Figure 2 displays the ERRs (y-axis) and Hospital Compare grades (x-axis) for AMI. There were 2178 hospitals that had publicly reported AMI grades on Hospital Compare. Of these, 1895 (87.0%) hospitals were penalized for overall readmissions. Of all 2178 hospitals, 2130 (97.8%) were graded against the national rate as “no different,” 23 (1.1%) were graded as “worse,” and the remaining 25 (1.2%) as “better.” ERRs for hospitals graded as “no different” for AMI readmissions ranged from 0.75 to 1.21 and included 1046 (49.1%) hospitals with ERRs greater than 1.0 for AMI. Of the 2130 hospitals graded as “no different,” 1863 (87.5%) received an overall readmission penalty. For hospitals graded as “better” than the national rate for AMI, 0 had an ERR greater than 1.0 for AMI (range, 0.724-0.879), and 9 of 25 (36%) were penalized. All 23 hospitals graded as “worse” had AMI ERRs greater than 1.0 (range, 1.120 to 1.254), and 100% were penalized.

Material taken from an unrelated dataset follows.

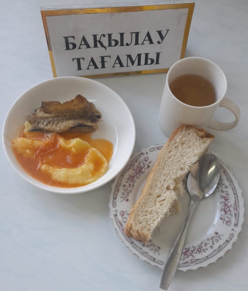 30 қантар 2025 жыл Ас мәзірі:1.Сиыр сорпасындағы тары сорпасы 2.Бұқтырылған балық 3.Нан 4.Лимон мен қант қосылған шай 5.Көкөніс салаты 6.Бал

Penalties as a Function of Number of Conditions With Excess Readmissions

Of the 2591 (82.7%) hospitals that received penalties for overall readmissions, more than half were penalized for having just 1 or 2 of 5 condition-specific ERRs greater than 1.0; 689 (26.6%) had an ERR greater than 1.0 for just 1 condition, and 713 (27.5%) had ERRs greater than 1.0 for just 2 conditions. The largest single ERR driver for penalties was total hip/knee arthroplasty, which accounted for 215 of 689 (31.2%) of the single-condition penalties. For 141 hospitals penalized for readmissions with only an HF ERR greater than 1.0, 140 (99.3%) were graded against the national rate as “no different” for HF readmissions, and 1 (0.7%) was graded as “worse.” There were 82 hospitals that were penalized for excess AMI readmissions only; all 82 were graded as “no different” from the national rate.